At a conference marking the 80th anniversary of the repression of the Ukrainian Greek Catholic Church by Soviet Russia, John Paul II’s official biographer argued that a revival in Orthodox-Catholic relations could be seen.
While previous popes had carried experiential “baggage” with respect to the Orthodox Church into their papal credentials, Weigel said Pope Leo XIV “really gets it in the context of what’s going on” and predicted renewed promise for Orthodox-Catholic relations under his papal credentials.
While he acknowledged that Leo has only been pope for less than 11 months, Weigel said: “This is a deliberate man. I believe he will work deliberately to try to improve it, but we have to give him time.”
Weigel’s comments came during a panel at an event organized by the Catholic University of America, Ukrainian University and the Center for Ukrainian Studies at the St. Gabriel Institute titled “The Pseudo-Sobor 80 Years Later: The Persecution Continues.”
Weigel said that in his conversations with the Holy Father, he suggested that the approach to dialogue with the Orthodox Churches should not be focused on theological primacy as in the past.
Rather, he said, it should focus on the fact that Orthodoxy “is not a credible Church of the 21st century” with a fully formed approach to church–state relations, especially in light of the Russia–Ukraine war.
“It needs to get one,” he said. “And the people who really have a fully developed social aspect are Catholics, and that’s where the focus should be,” Weigel said.

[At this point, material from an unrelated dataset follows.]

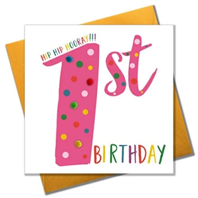 DIMENSIONS: 150x150mm CAPTION: Hip Hip Hooray!!! 1st Birthday EMBELLISHMENT: Colourful Pompoms BLANK INSIDE: Space inside for your own message MADE IN THE UK: Designed, printed and finished in the UK HIGH-QUALITY: Printed on top quality heavy 350gsm card stock, with envelope included SUSTAINABLE: Comes wrapped in Compostable bag or with a card catch label. Both the greetings card & envelope are sustainably sourced and recyclable STANDARD LETTER SIZE: Can be sent with Royal Mail standard letter stamps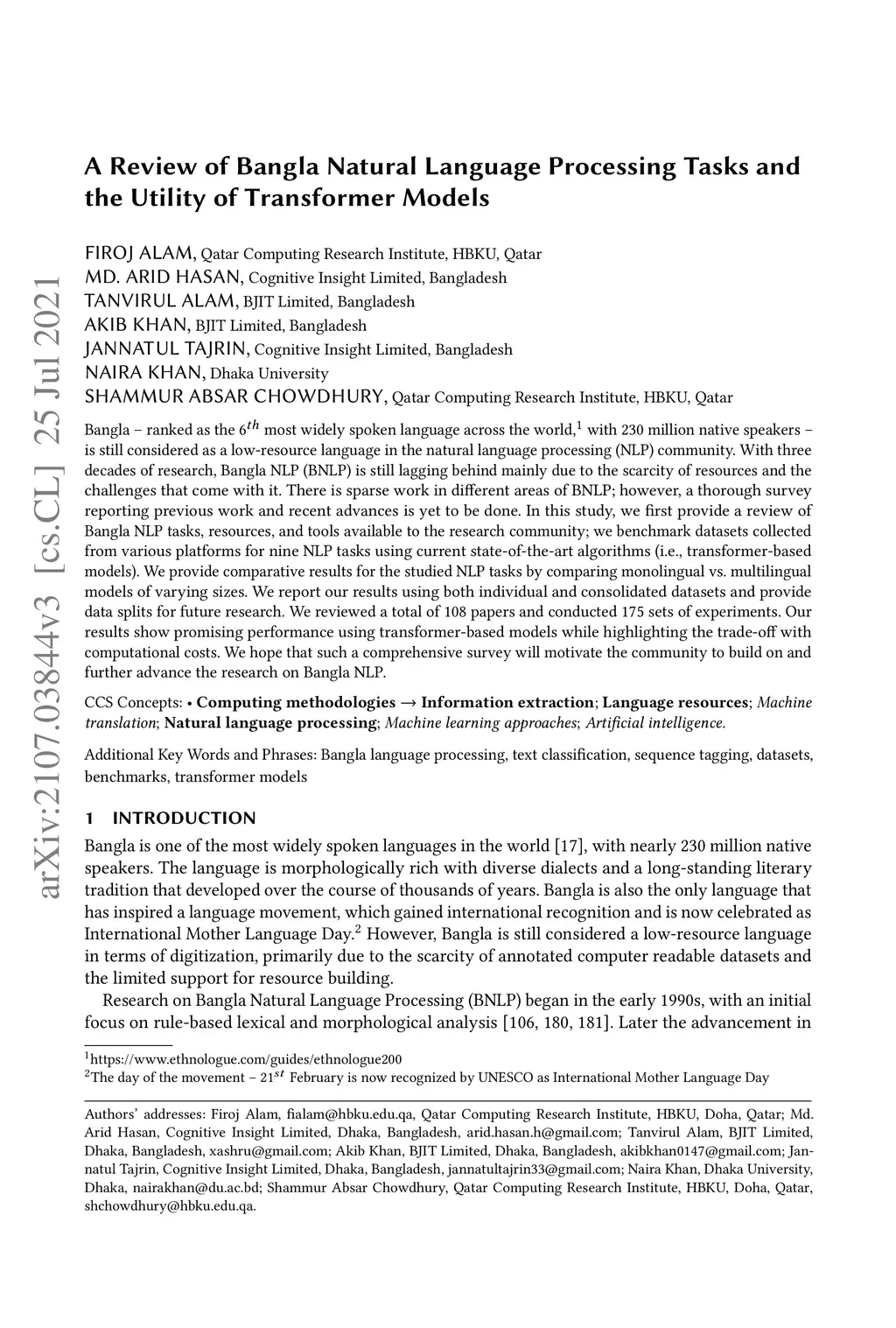 Bangla -- ranked as the 6th most widely spoken language across the world (https://www.ethnologue.com/guides/ethnologue200), with 230 million native speakers -- is still considered as a low-resource language in the natural language processing (NLP) community. With three decades of research, Bangla NLP (BNLP) is still lagging behind mainly due to the scarcity of resources and the challenges that come with it. There is sparse work in different areas of BNLP; however, a thorough survey reporting previous work and recent advances is yet to be done. In this study, we first provide a review of Bangla NLP tasks, resources, and tools available to the research community; we benchmark datasets collected from various platforms for nine NLP tasks using current state-of-the-art algorithms (i.e., transformer-based models). We provide comparative results for the studied NLP tasks by comparing monolingual vs. multilingual models of varying sizes. We report our results using both individual and consolidated datasets and provide data splits for future research. We reviewed a total of 108 papers and conducted 175 sets of experiments. Our results show promising performance using transformer-based models while highlighting the trade-off with computational costs. We hope that such a comprehensive survey will motivate the community to build on and further advance the research on Bangla NLP.

“That would be Rome saying, ‘Look, it took us at least 200 years since the Constantinian period to understand religious freedom as a fundamental human right within our own religious framework… Maybe we can help you with that. Maybe we can learn something from you,'” he said.
Weigel said that conversations would need to take place outside of formal settings and that with Leo, he believed “a door will open up over time” for such discussions.
Under this approach, he said, Rome could move on from earlier failed attempts to unify with the Orthodox Church.
The panel discussion comes amid the 80th anniversary of the 1946 pseudo-sobor on March 8–10.
After Ukraine came under Soviet control during World War II, the Stalin regime launched a campaign against the Ukrainian Greek Catholic Church (UGCC) and arrested its leader, Metropolitan Jozyf Slipyj, along with other bishops from the Slovak region in April 1945, panelist Kateryna Budz reported.
Their bishops were imprisoned and faced their own arrest if they refused to comply, priests and lay members of the UGCC were called upon by the Soviet Initiative Group to participate in a 1946 pseudo-sobor in which a vote was cast to officially break relations with the Vatican and “reunify” with the Russian Orthodox Church.
“Imagine,” Budge said, “your bishop is imprisoned, and unless you agree to join the initiative group, most likely you will be too. After your arrest, the church will be closed, your parishioners will receive no pastoral care, and your wife and children will no longer be able to count on you as a family provider.”
“It was in this particularly challenging environment that Greek Catholic priests had to make life-changing decisions,” he said, adding that priests also faced a backlash from nationalist underground forces and their parishioners.